Hello everyone. I was watching Kitchen Impossible with Marc Bartolomeo this morning; more specifically "The Kitch-Den" episode from 2010 (I believe). During the episode he transferred the location of the kitchen to the den and installed/converted the ceiling to a vaulted ceiling. In the episode he strung 2x6s between trusses to create the vaulted ceiling.

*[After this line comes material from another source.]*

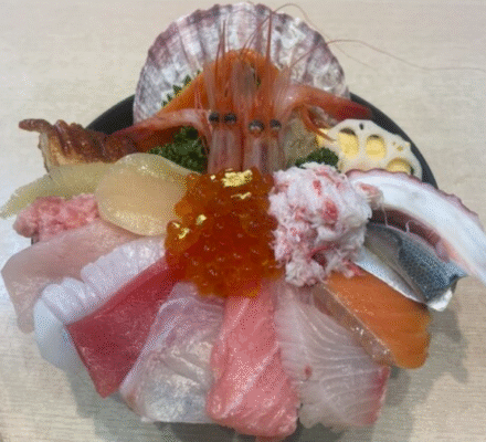 金沢近江町市場内にある創業60年の老舗寿司店です。朝9時から営業しており、新鮮な地物や近海産の魚介類を使った海鮮丼や握り寿司が楽しめます。特に人気の海鮮丼は18種類のネタが豪華に盛り付けられており、見た目の華やかさと味わいの両方で訪れる人を魅了しています。お米、お醤油、お酒にも地元産のこだわりの食材を使用し、海苔は最高級の有明産を使用するなど、細部まで品質にこだわっています。近江町市場という金沢を代表する観光スポットの中にあり、一貫から丁寧に握ってもらえるため、朝から贅沢な金沢の味覚を堪能できるおすすめの朝食スポットです。
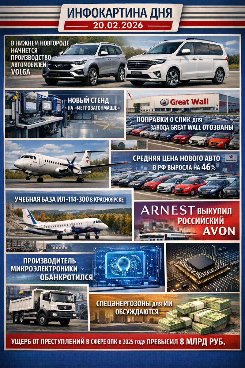 4 млрд ₽ — инвестиции в новое фармацевтическое производство. Средняя цена нового автомобиля за четыре года выросла почти на половину. Рынок продолжает перестраиваться: усиливается доля локализованных производств и азиатских брендов, а потребитель всё чаще выбирает более доступные комплектации. 4 млрд ₽ направлены на запуск нового фармпроизводства. Тренд на импортозамещение и технологическую независимость сохраняется. Объём интернет-торговли достиг 11,5 трлн ₽ по итогам 2025 года. Рынок продолжает расти за счёт регионов, маркетплейсов и логистической инфраст

This gave me an idea for my garage attic here in sunny Sarasota, FL (Lakewood Ranch more specifically).
* In my attic, I have normal trusses with a 2x4 running down the middle of the top of the "floor joists" of the trusses, which are made out of 2x4s, and then a 2x4 that runs from the 2x4 on the joists to the end gable (I believe I have the correct term).
* I was thinking of insulating, and putting up sheet rock, and then installing a subfloor and running a/c into the space.
Here are a few side notes about the situation:
- I have access to the garage attic via 30ish x 48ish access with a piece of aged dry wall textured on one side to match my garage ceiling, but no swing down ladder. I need to take the 8' step ladder off my wall and then do a "muscle up" to get into my garage attic.
- My A/C system is 12 years old and when I had it serviced about a month ago. The guy told me my A/C was on it's last leg and demonstrated in several areas why he came to his conclusion. Short of the story, I believe him.
- I have space to install a fold up attic ladder, but I think I could also install some steep steps because my wife does not like to go up in the attic because - 1 the ladder situation, and 2 its hot up there. We had a fold up ladder system in our old house but my wife was scared of it and that is why I am thinking of stairs.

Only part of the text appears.